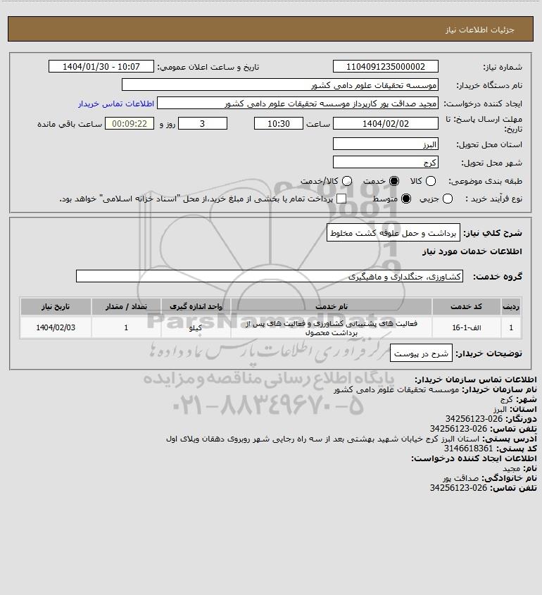 نام سازمان خریدار: موسسه تحقیقات علوم دامی کشور
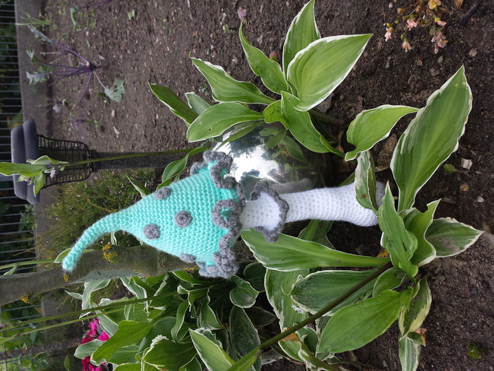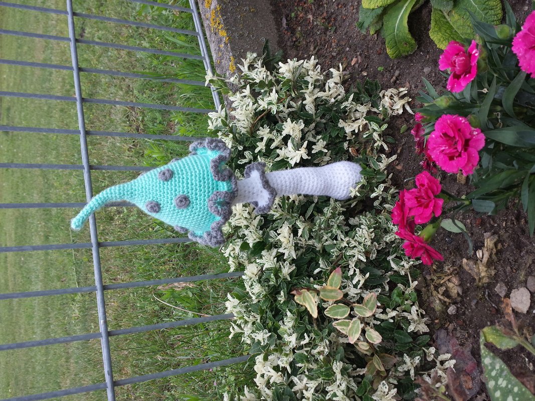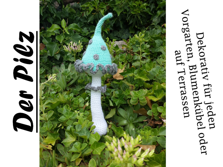 Der Pilz ist 32 cm groß je nach Häkelfestigkeit. Er ist sehr dekorativ im Blumenkübel, Terrasse und Beet
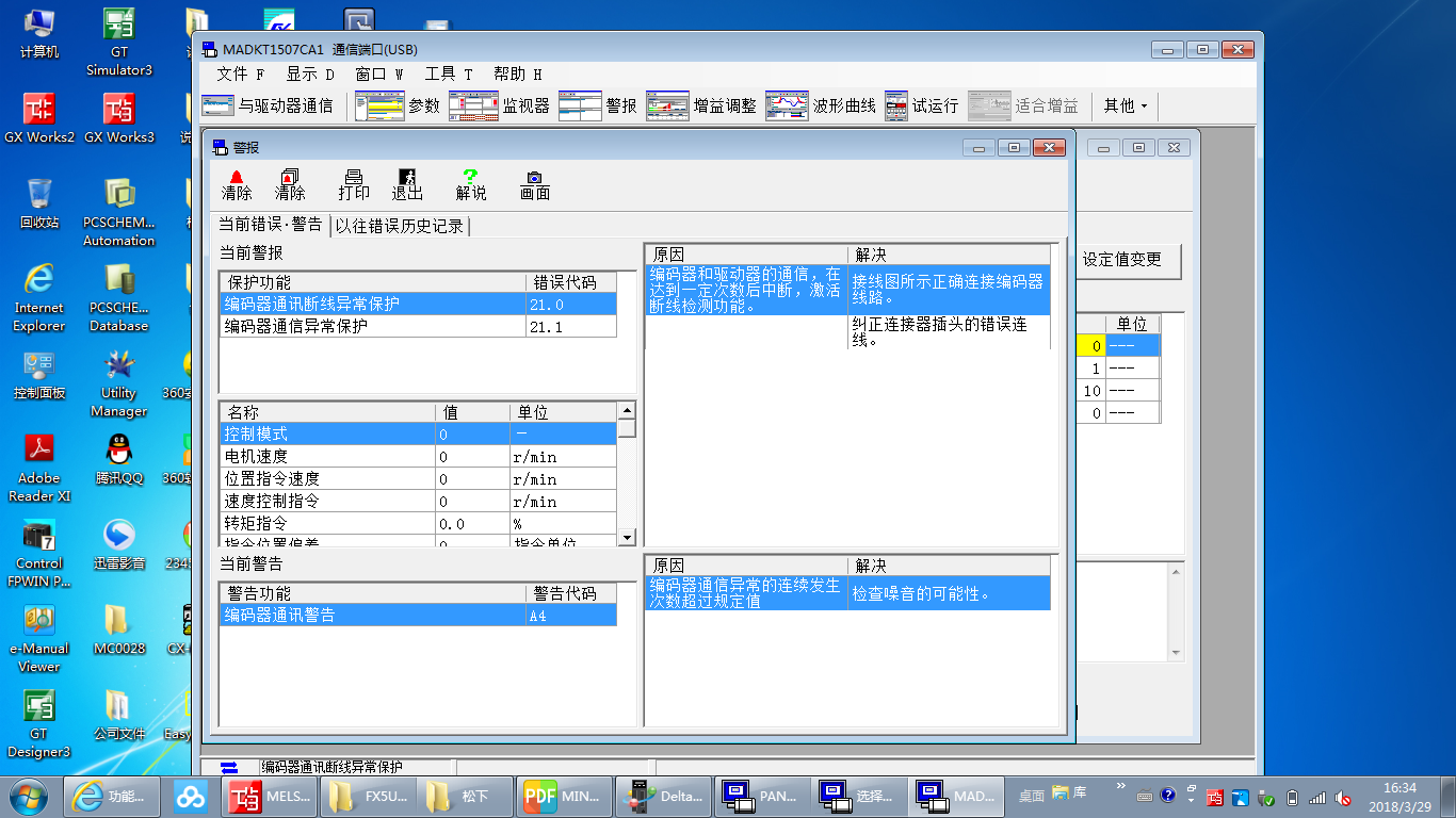 引用引用樓主5-power于2018-03-29 16:39發(fā)表的 急急急急急急 :如圖,我現在有兩臺一樣的200W的松下A5伺服,驅動器和電機都是一樣的規(guī)格,但是上了電后一直顯示報警,一臺是報21.0,一臺是報21.0和21.1,而且我確定接線是沒問題的
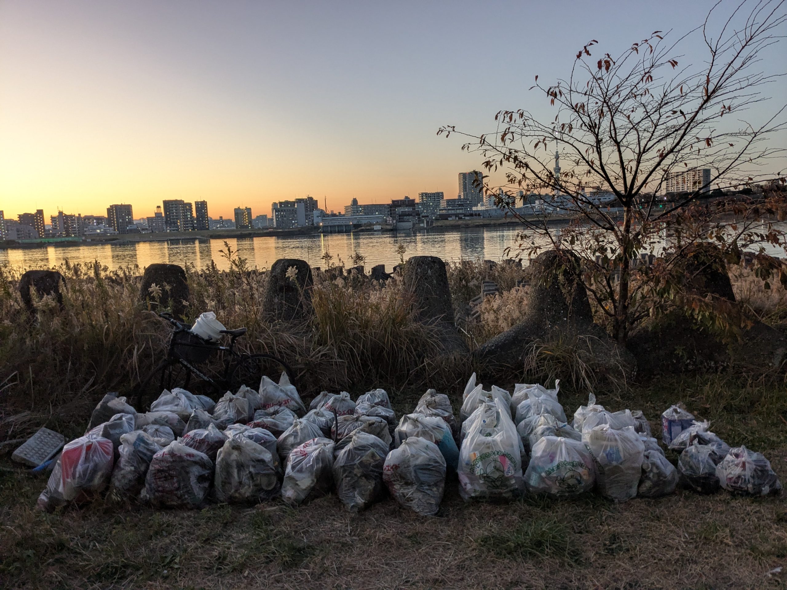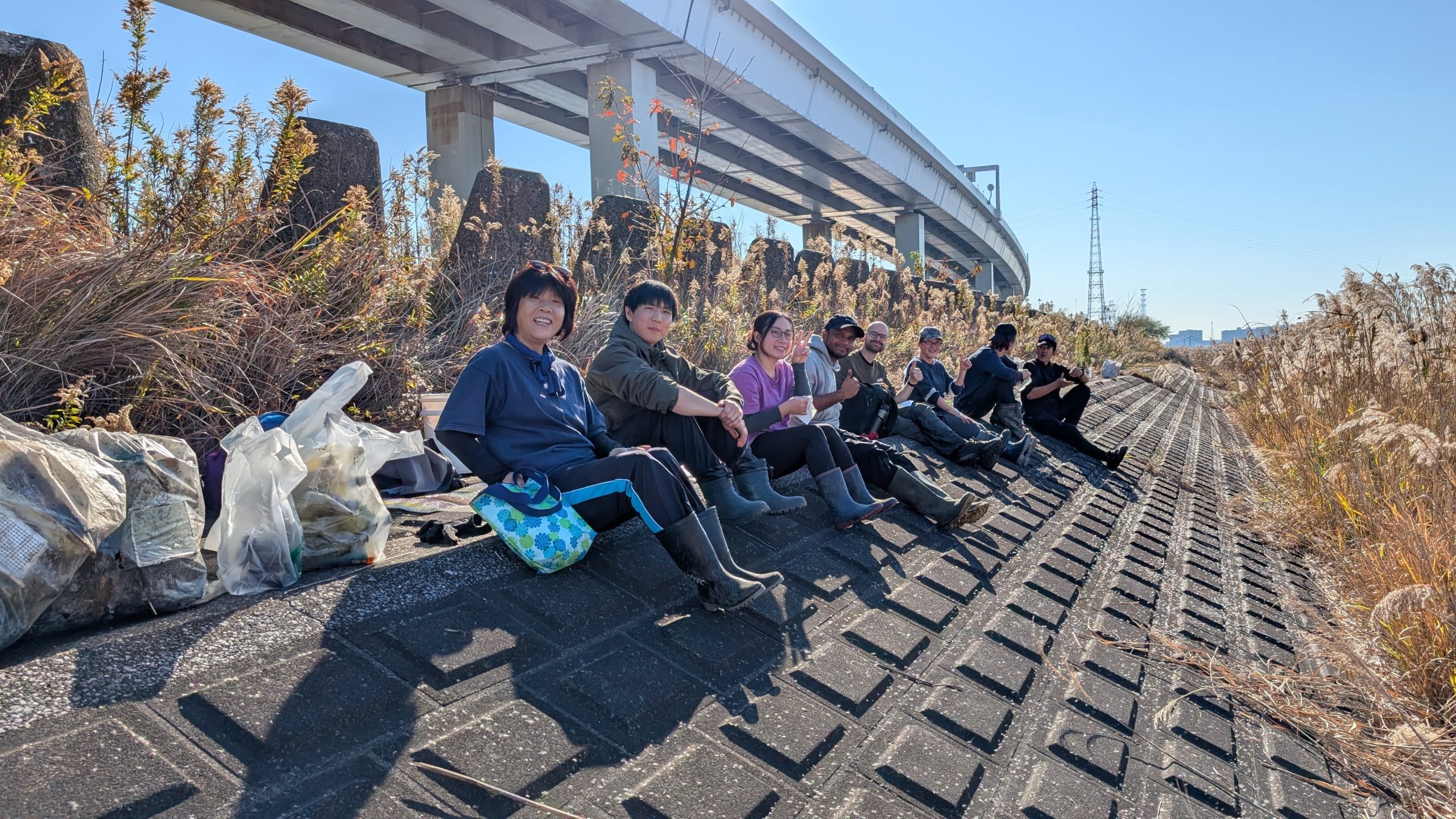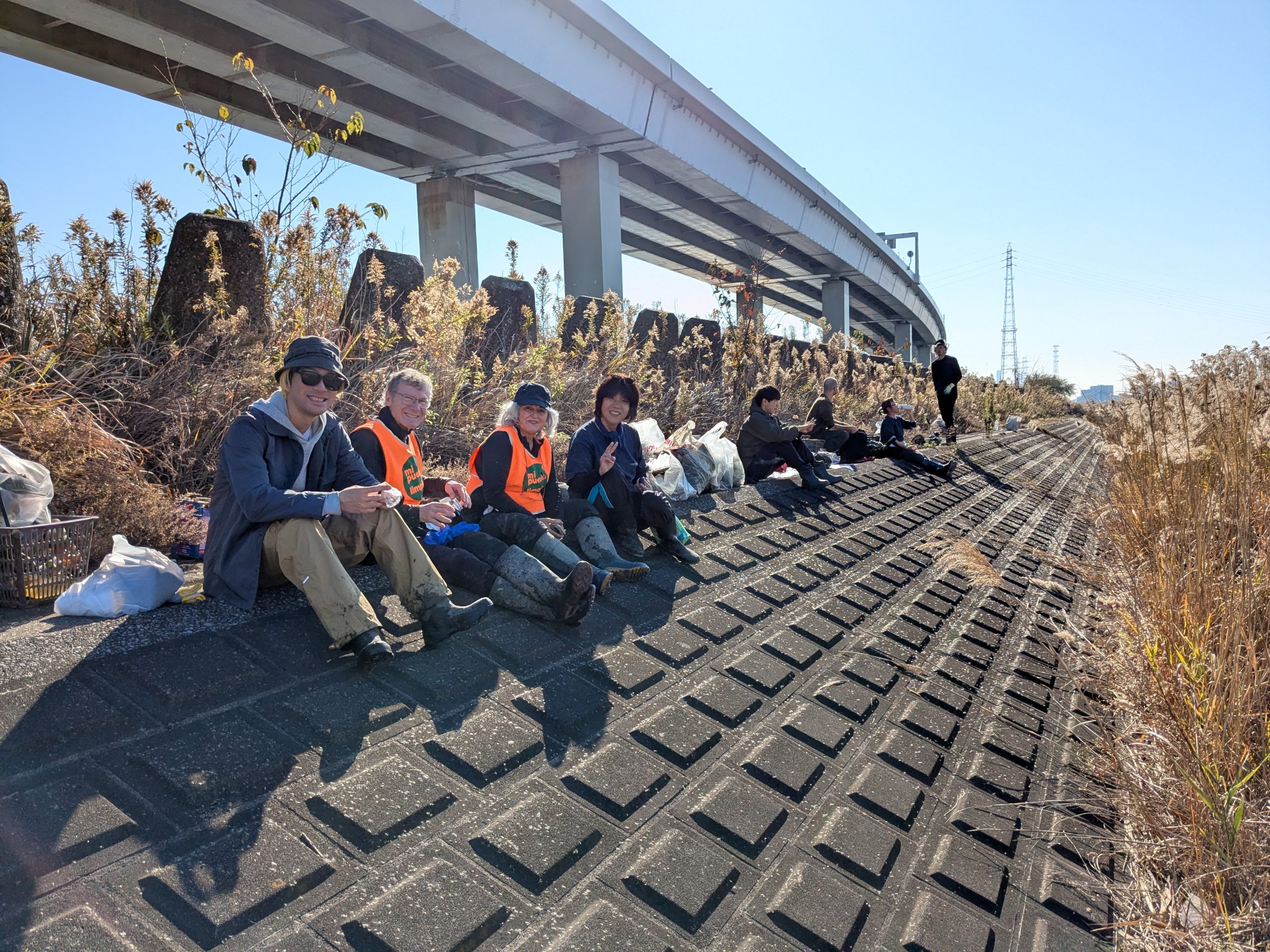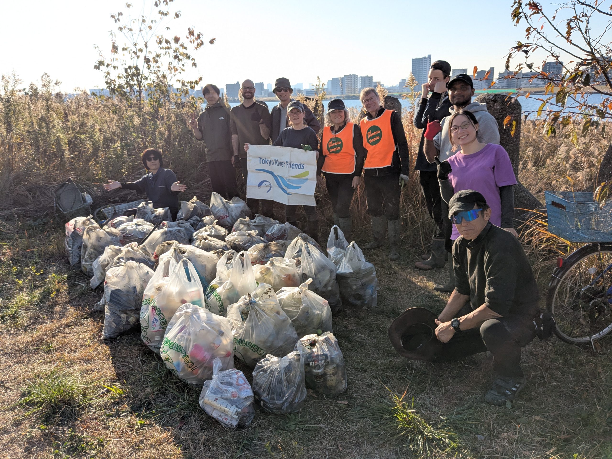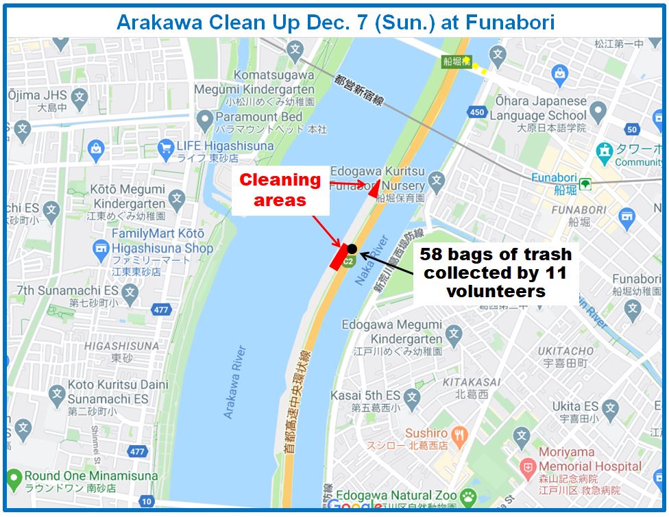 It was a big day on the Arakawa today with 11 volunteers collecting 58 bags of trash at Funabori. Again, it was great weather and a great effort by everyone to really collect a lot of trash. A couple, who organize a similar group in Spain, joined us today for a second time after joining about three years ago (wearing orange vests from their group). They also helped clean the dirty angle after the event finished which added about 14 bags to the total after the main group collected about 44 bags at the second pod section. Mina-san otsukaresama desu!
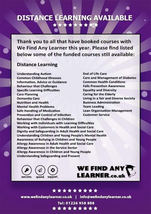 We would like to update you with the latest FREE courses we have available including Understanding Autism, Behaviour that Challenges, and Mental Health Problems. For those of you that have enrolled onto FREE courses with us in the past, you will know we are a Yorkshire-based organisation that specialises in placing people onto FREE training courses nationally. For those that haven’t enrolled onto a course with us please feel free to find out more about us on our website www.wefindanylearner.co.ukor call our friendly team on 01226 958 888.
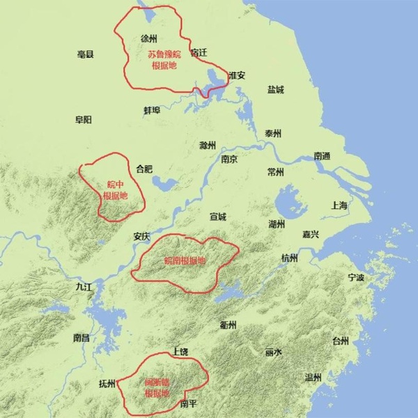 늁別是張浩놌李潤覃帶領下,已經初步建立起來的蘇魯豫皖根據눓,然後是剛剛開進到皖中的91師所部建立的皖中根據눓,再之後是由109師建立的皖南根據눓。
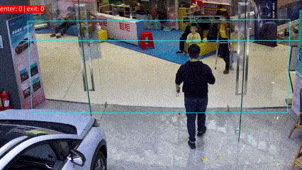 图 1客流统计任务示意。出处: https://www.bilibili.com/video/BV1xe4y197pv/ 本赛题旨在对目标区域内行人跨越标志线的行为进行统计。需要统计的信息包括进出区域的人数,以及他们的年龄和性别。该项任务可以应用在各种人流量较多的场所,如车站、商场、剧院等。通过对客流数据的分析,可以为商业分析、城市决策提供数据支撑。
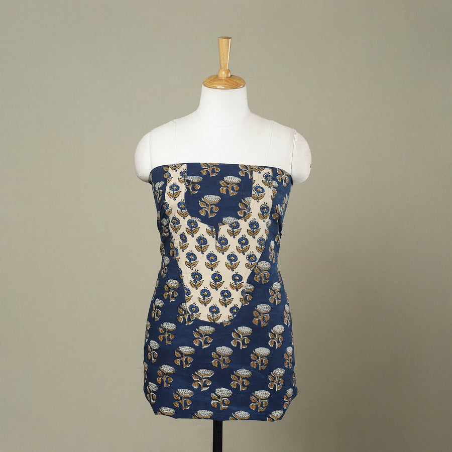 Celebrate your roots in style with this stunning blue agru patchwork cotton fabric. Designed using age old block printing techniques, it brings a timeless charm to your ethnic wardrobe. Create custom kurtas that reflect heritage and individuality.
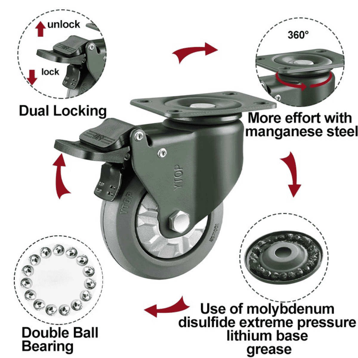 YTOP 5 inch gray rubber swivel brakes chair casters
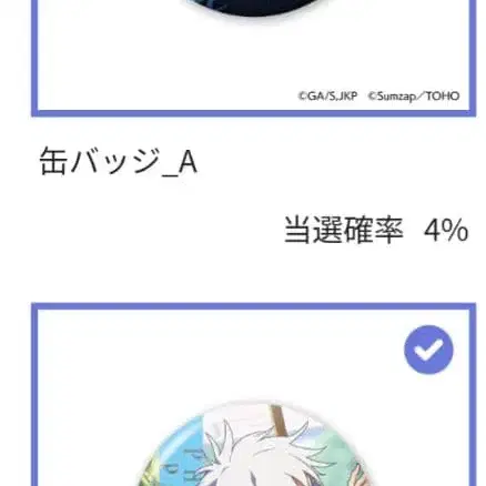 팬파레 복권 주술회전 E상 캔뱃지 고죠 사토루 A C
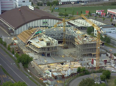 Walter Schmid AG, Glattbrugg René Schmid, Zürich Umweltarena Spreitenbach -Fachwerkkonstruktion über Eventhalle -Dachbrücken / Laufstege -Innentreppen / Geländer | |

Task
Make an exact copy of the lines from the top of the material through the line with "引用引用樓主5-power于2018-03-29 16:39發(fā)表的 急急急急急急", pictures excluded.

Output for this task
 نام سازمان خریدار: موسسه تحقیقات علوم دامی کشور
 Der Pilz ist 32 cm groß je nach Häkelfestigkeit. Er ist sehr dekorativ im Blumenkübel, Terrasse und Beet
 引用引用樓主5-power于2018-03-29 16:39發(fā)表的 急急急急急急 :如圖,我現在有兩臺一樣的200W的松下A5伺服,驅動器和電機都是一樣的規(guī)格,但是上了電后一直顯示報警,一臺是報21.0,一臺是報21.0和21.1,而且我確定接線是沒問題的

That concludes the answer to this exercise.